Западная интеллигенция, которая могла бы противиться сектам, потому что секты — очень примитивны, бездарны, антиэстетичны и лишены свободы, сама часто уходит в секты, в основном синкретические, типа «Нового века». В целом же религиозность на Западе растет, ибо, как говорил Карл Ранер, следующее столетие будет либо религиозным, либо его вообще не будет. Но эта религиозность дурного свойства — наряду с поверхностным «Новым веком», которым увлечены некоторые философы, вроде Слотердейка, как комфортным сочетанием Востока и Запада, даосизма и современной науки, существуют и грубые формы сатанизма с культом насилия.

— Сейчас часто пишется, что эра либерализма, в том числе религиозного, заканчивается; на Западе и Востоке возвращаются традиционные ценности; начинается эпоха религиозного фундаментализма и нового средневековья. Ощущаете ли Вы это?

— Сейчас происходят крупные геополитические изменения, идет новое переселение народов и, наверное, 30 процентов населения Парижа — это уже арабы, негры и другие неевропейцы. Очевидно агрессивное поведение арабского мира, хотя он и неоднороден. В Алжире, например, убивают несочувствующих фундаментализму. Однако эти фундамен- талистические явления нельзя соотносить с Православием, ибо, по-моему, вообще абсурдно говорить о православном фундаментализме. Православие столь внутренне свободно и не агрессивно и имеет столь творческий характер, что тут всякое подобное определение неправомерно и невозможно.

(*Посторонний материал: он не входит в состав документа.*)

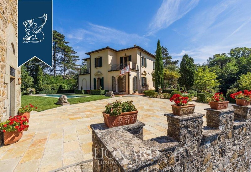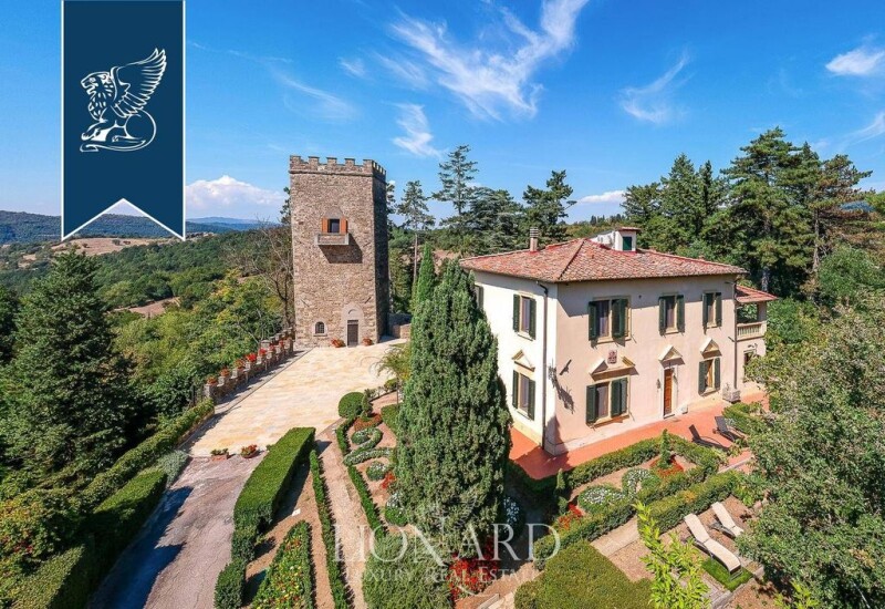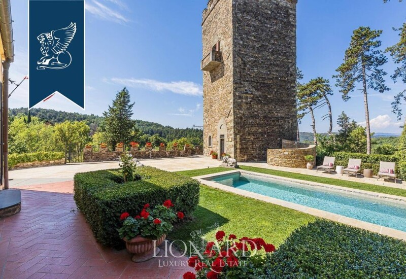 This stunning 650-sqm luxury villa with a 13th-century is for sale near Florence. The luxurious two-story main villa features a foyer with a fireplace, a big living room with a bar and a dining room overlooking a gazebo. The rear hall leads to a well-equipped kitchen, a bathroom and a staircase to the upper floor. The kitchen adjoins a breakfast room + home office with arched glass doors leading to a forest terrace and second patio. The grand staircase leads to the upper floor foyer, a primary bedroom with a newly constructed luxurious en-suite bathroom, new designer hall bathroom, and three additional bedrooms. The scenic medieval tower adjacent to the villa has five floors of furnished living and sleeping areas and a lower-ground floor housing a laundry room and ample storage areas. On the top floor there is a rooftop terrace with a panoramic view over the surroundings. The property's beautiful 2-hectare park houses a marvelous newly-built heated swimming pool, a splendid outdoor shower made of stone, with a spectacular spiral wall. The stone piazza of 150 sqm is the perfect entertaining space to host large seated dinners, receptions and doubles as a dance floor. Various relaxation areas and a gazebo complete the outdoor spaces. The double garage and big car park offer even more added value to this magnificent property for sale. Ref: 0963.

Зная парижскую интеллигенцию, я могу сказать, что сегодня секулярные философы — например, последователи Деридды и Делеза, — мало кого волнуют. Эти люди не могут даже выпускать книг, потому что их равнодушное отношение к Богу никого не интересует. Культура эпохи Просвещения уходит в прошлое.

— Значит, снова появились богоискатели?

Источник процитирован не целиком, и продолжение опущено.